Once the line containing "Fartyg passerar Lillgrundens" is found in the data below, repeat it and every later line exactly, leaving the pictures out.

→ Dataset entries:
----

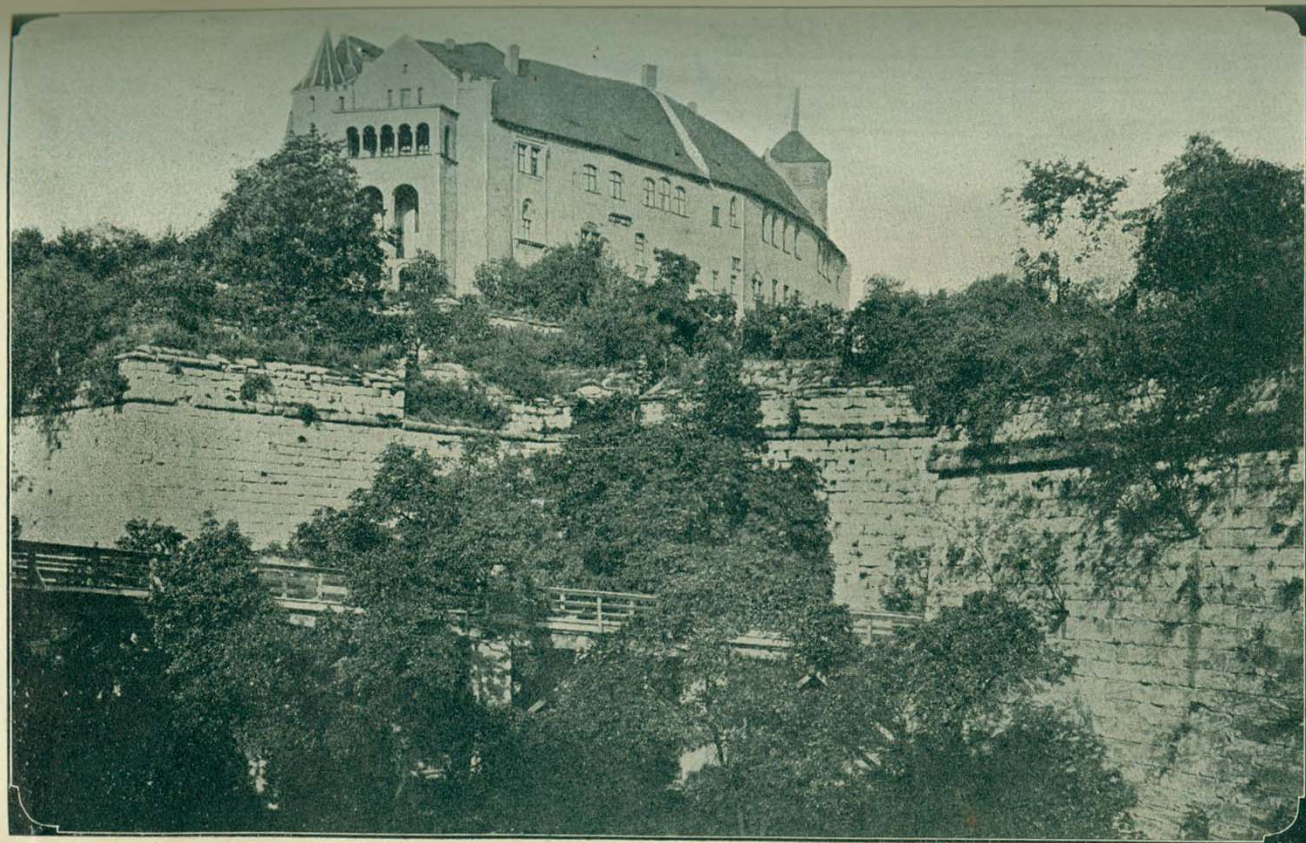
城 意 倍 倫 義 國 德
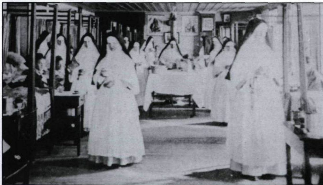
Chambre de malade à L'Hôtel-Dieu de Québec à la fin du XIX e siècle. (Archives du Monastère de L'Hôtel-Dieu de Québec).

Les guerres iroquoises déciment les populations amérindiennes qui fréquentent l'hôpital. Par contre l'arrivée du régiment de Carignan et de
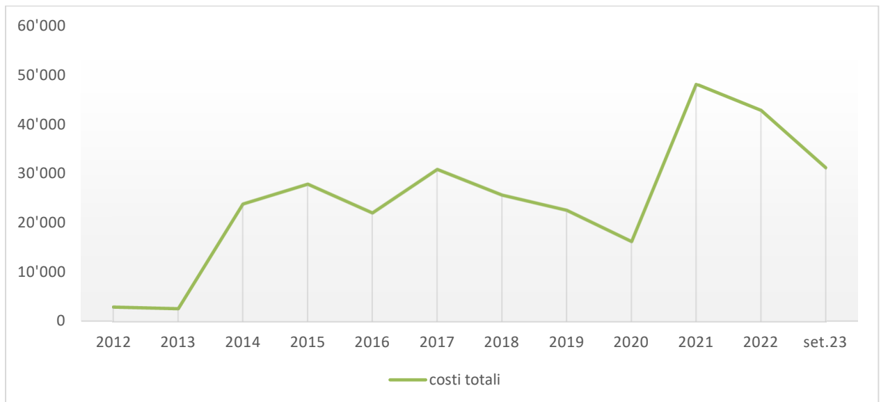
Figura 2-3 – evoluzione misure di protezione periodo 2012-settembre 2023 4
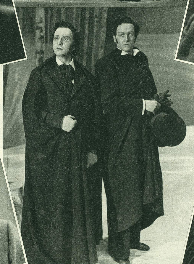
Ülal ja all stseene „Jevgeni Onegini“ lavastusest „Estonias“.
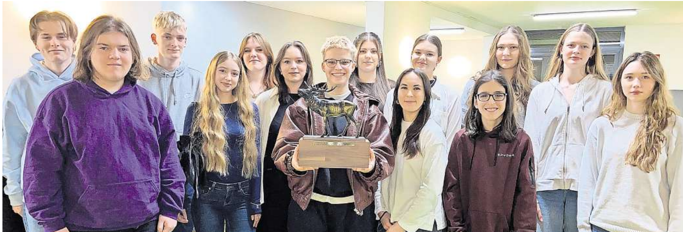
Ausgezeichnet: Der „Barsinghäuser Hirsch“ 2024 geht an die Gruppe „JU want – Jupa Basche“. Die Jugendlichen bereiten gerade ein Jugendparlament für Barsinghausen vor.

Die Gewinner machen sich für ein neues Jugendparlament in Barsinghausen bis zur Kommunalwahl 2026 stark
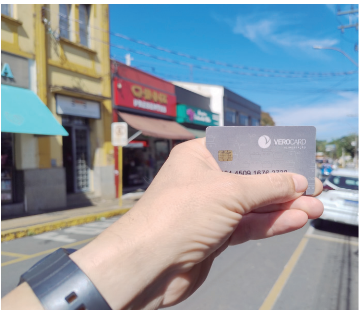
Vale Alimentação também terá reajuste

dos servidores. A medida representa um incremento de aproximadamente R$ 6 milhões na economia, gerando impacto direto no desenvolvimento da cidade além de garantir que o funcionalismo tenha seus salários ajustados de forma justa.
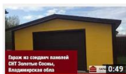
Гараж из сэндвич-панелей СНТ Золотые Сосны
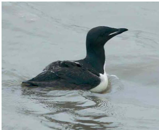
475 Kortbekzeekoet / Brunnich's Murre Uria lomvia , adult (opgeraapt bij Lille, Antwerpen, op 5 augustus 2006), Oostende, West-Vlaanderen, 15 augustus 2006
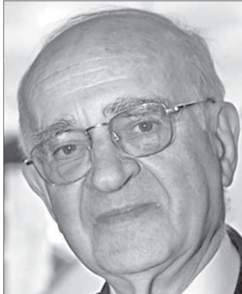
Митек Пемпер. Фото 2006 г.

стать для него последним. Гауптштурмфюрер обладал неуравновешенным характером и отличался садистскими наклонностями. Он неоднократно ради забавы сам расправлялся с заключенными, причем делал это с особой жестокостью.
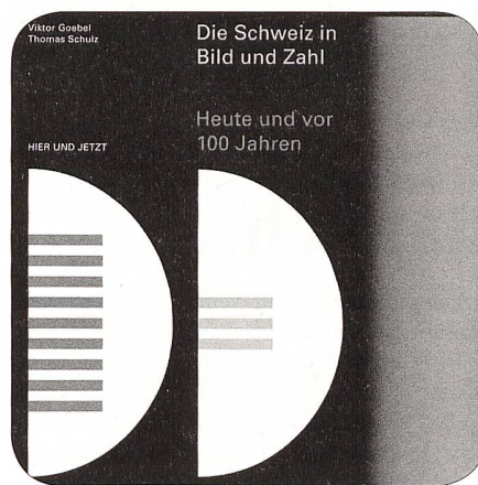
Goebel Schulz Die Schweiz in Bild und Zahl

Die Autoren zeigen anschaulich in rund 50 pointierten Gegenüberstellungen der Situation heute und vor 100 Jahren, wie sich die Schweiz und ihre Gesellschaft wandelten. Die einprägsamen, intuitiv lesbaren Grafiken machen überraschende Zu-
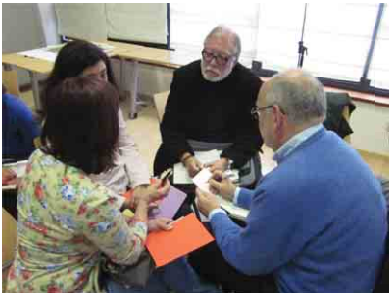
Foto 2. Un grupo reflexionando sobre los aspectos positivos y negativos de Torrelodones

Los participantes se organizan en grupos de tres o cuatro personas, y escogen tres aspectos positivos y tres negativos de la situación actual de Torrelodones.
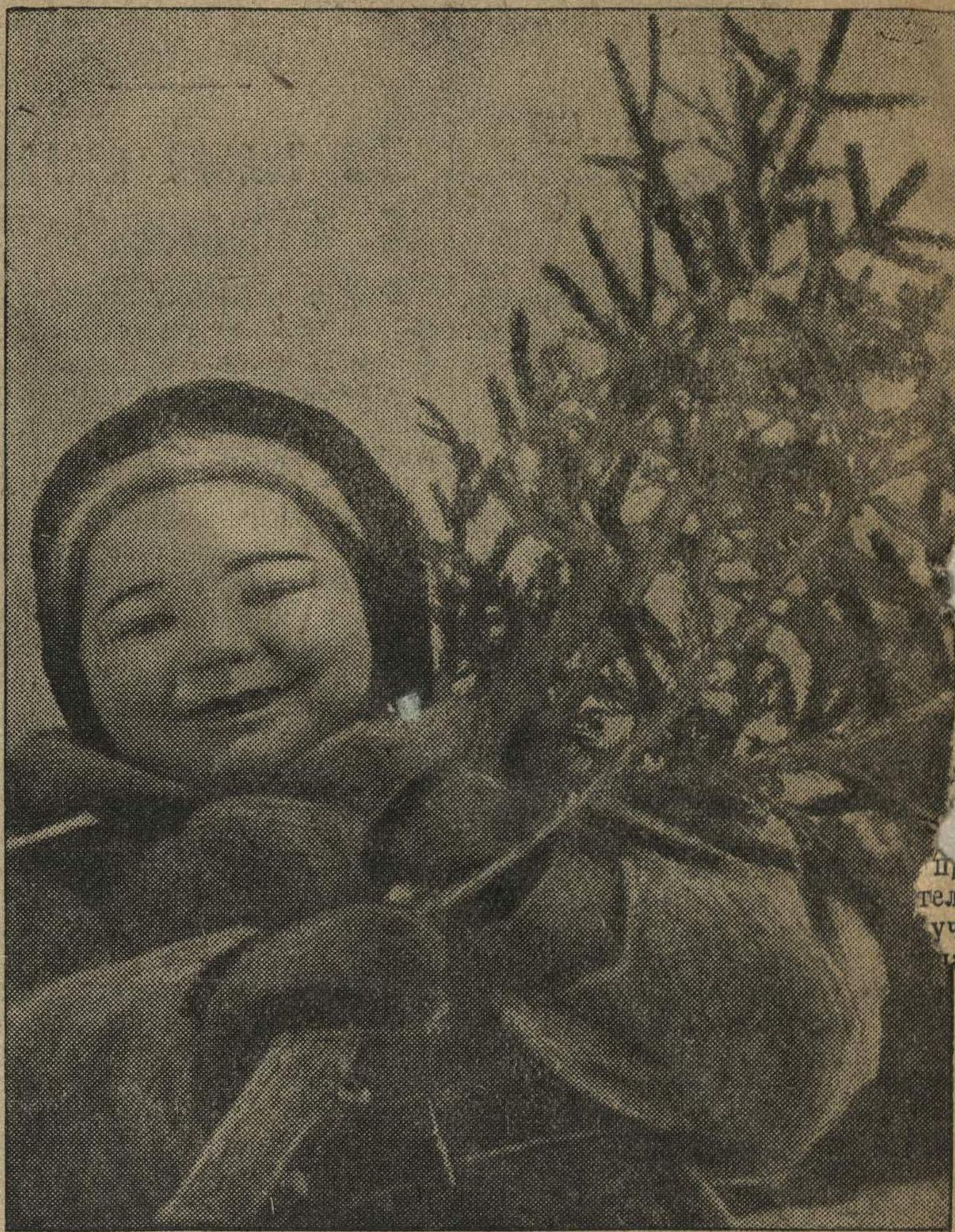
С елочного базара.
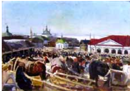
Часовня св. Макария у Гостиного двора. С картины С.А.Власова.

Собору принадлежит каменная часовня, поблизости Гостиного двора, устроенная гражданином Иваном Шилковым в память великого наводнения, бывшего 25 июля 1810 года.
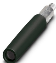
Prüfsteckerbuchse, Polzahl: 1, Farbe: schwarz

Bitte beachten Sie, dass die in diesem PDF-Dokument angezeigten Daten aus unserem Online-Katalog generiert wurden. Bitte finden Sie die vollständigen Daten in der Benutzer-Dokumentation. Es gelten unsere Allgemeinen Nutzungsbedingungen für Downloads.
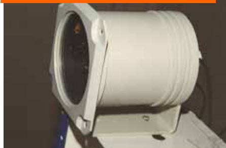
Первая поворотная камера
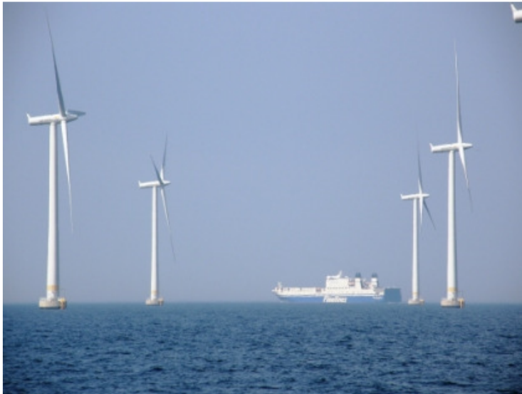
Fartyg passerar Lillgrundens vindkraftspark i Öregrund.
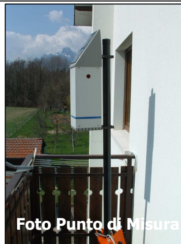
Foto Punto di Misura
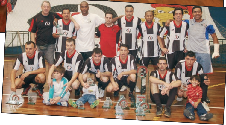
O grande campeão dá a volta Olímpica e recebe o troféu
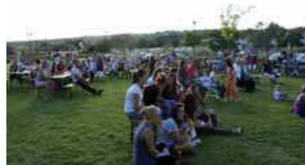
Fête de la Musique lundi 21 juin au Théâtre de Verdure (parc des 4 Tours).
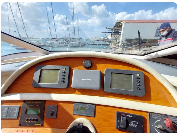
Rodman Yacht 64 Belisa, strumenti 1
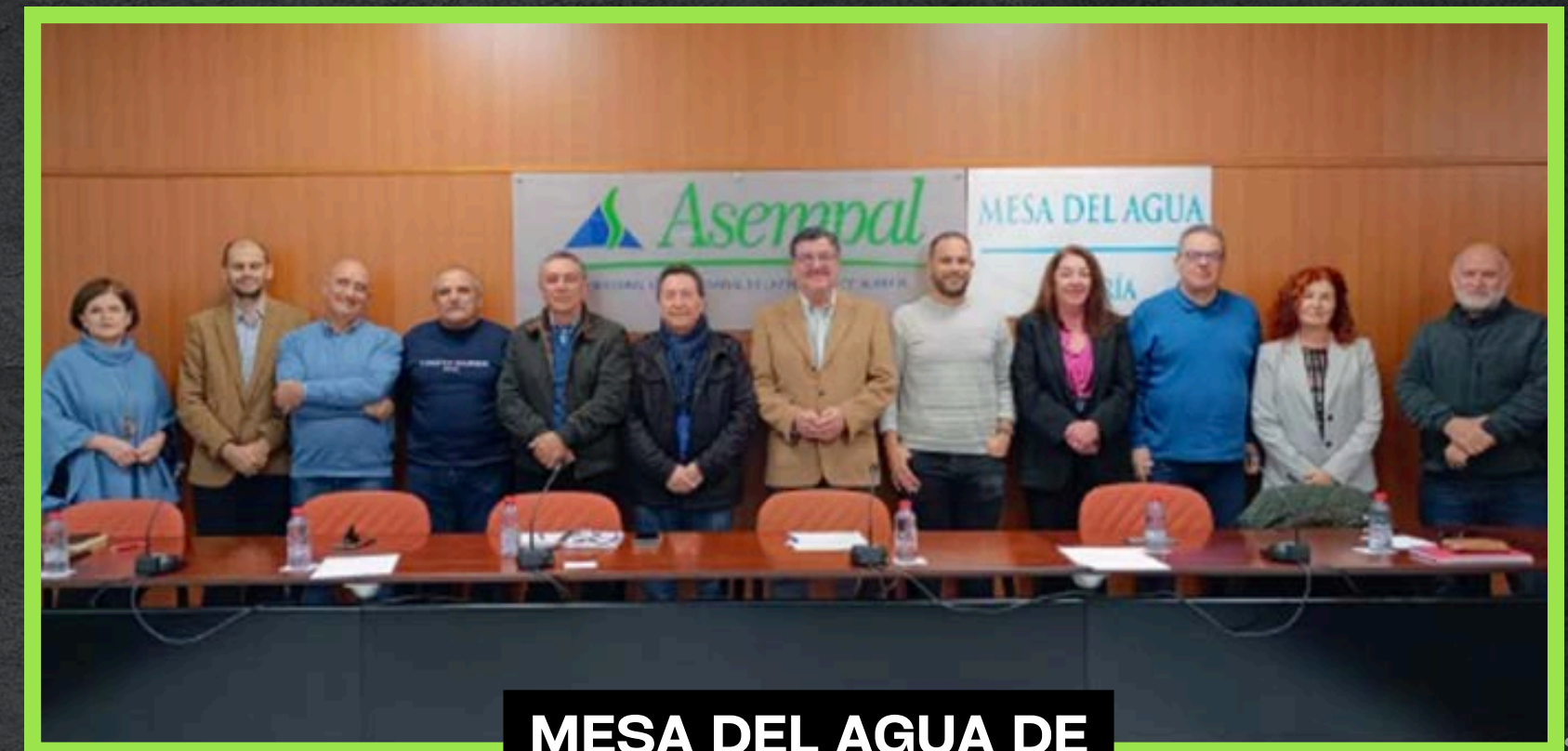
MESA DEL AGUA DE ALMERÍA
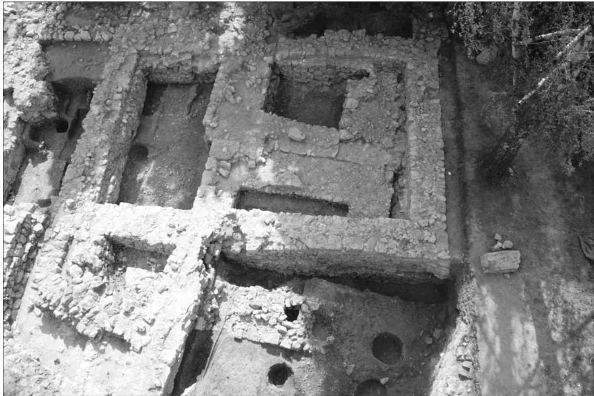
Sl. 1 Pogled na ostatke romaničke crkve ispod sjeverne kule tijekom istraživanja.
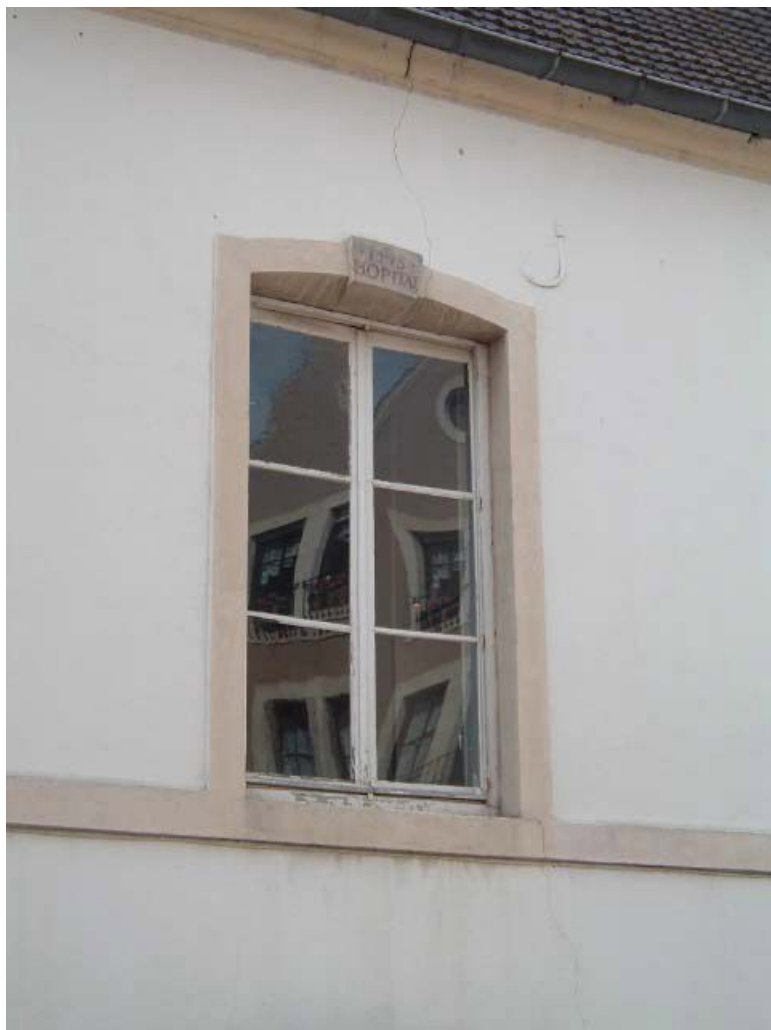
Bâtiment Caristie (vers 1752), vue de détail de la façade antérieure, fenêtre portant l'inscription JHS, HOPITAL. 71, Montcenis Eglise
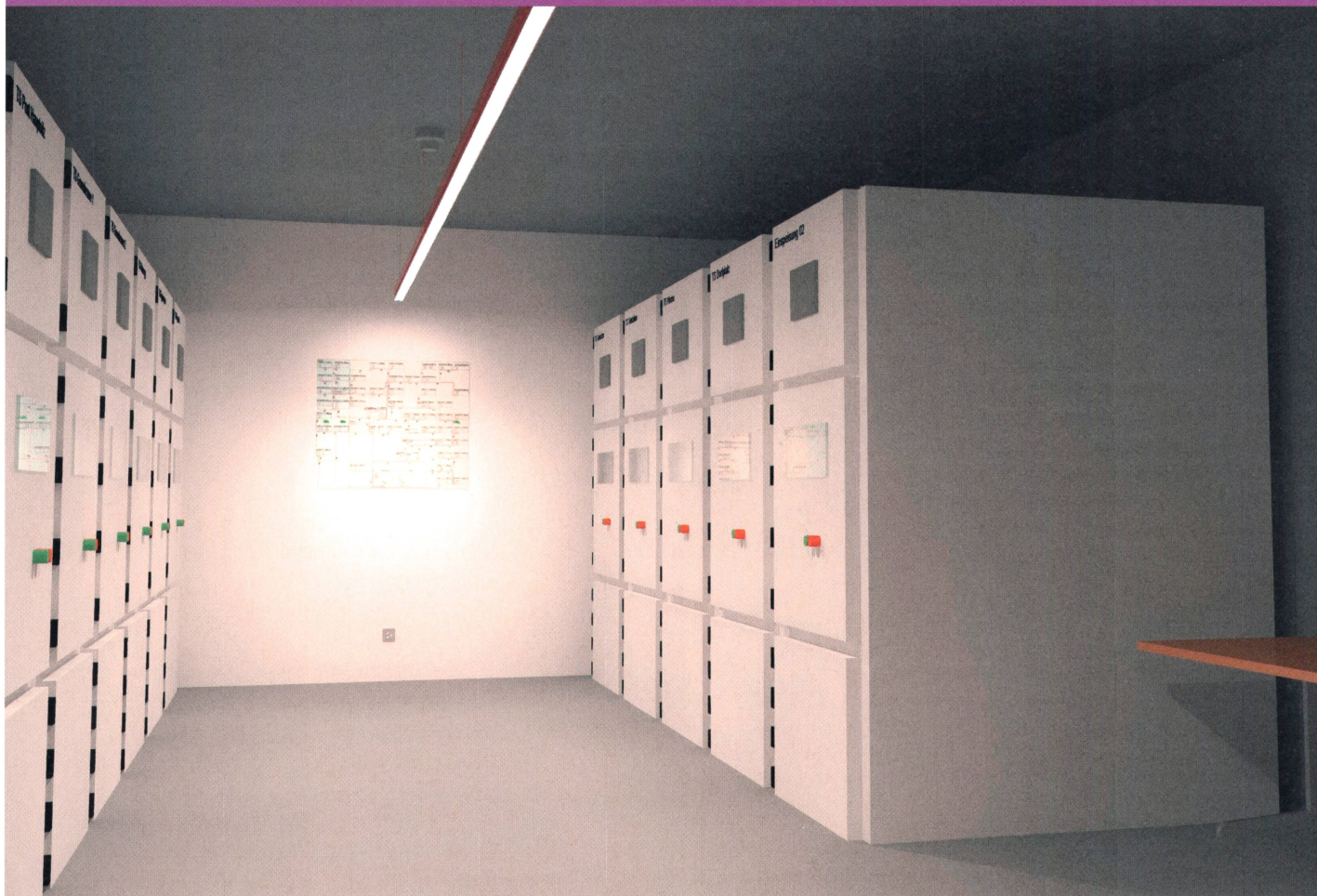
Rendering eines Mittelspannungsraums.
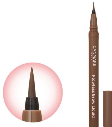
眉尻まで描きやすい細筆
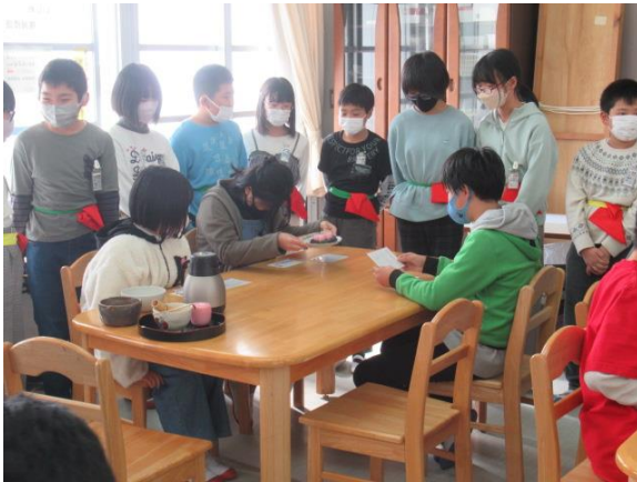
お先にいただきます

----

→ Task answer:
Fartyg passerar Lillgrundens vindkraftspark i Öregrund.
Foto Punto di Misura
O grande campeão dá a volta Olímpica e recebe o troféu
Fête de la Musique lundi 21 juin au Théâtre de Verdure (parc des 4 Tours).
Rodman Yacht 64 Belisa, strumenti 1
MESA DEL AGUA DE ALMERÍA
Sl. 1 Pogled na ostatke romaničke crkve ispod sjeverne kule tijekom istraživanja.
Bâtiment Caristie (vers 1752), vue de détail de la façade antérieure, fenêtre portant l'inscription JHS, HOPITAL. 71, Montcenis Eglise
Rendering eines Mittelspannungsraums.
眉尻まで描きやすい細筆
お先にいただきます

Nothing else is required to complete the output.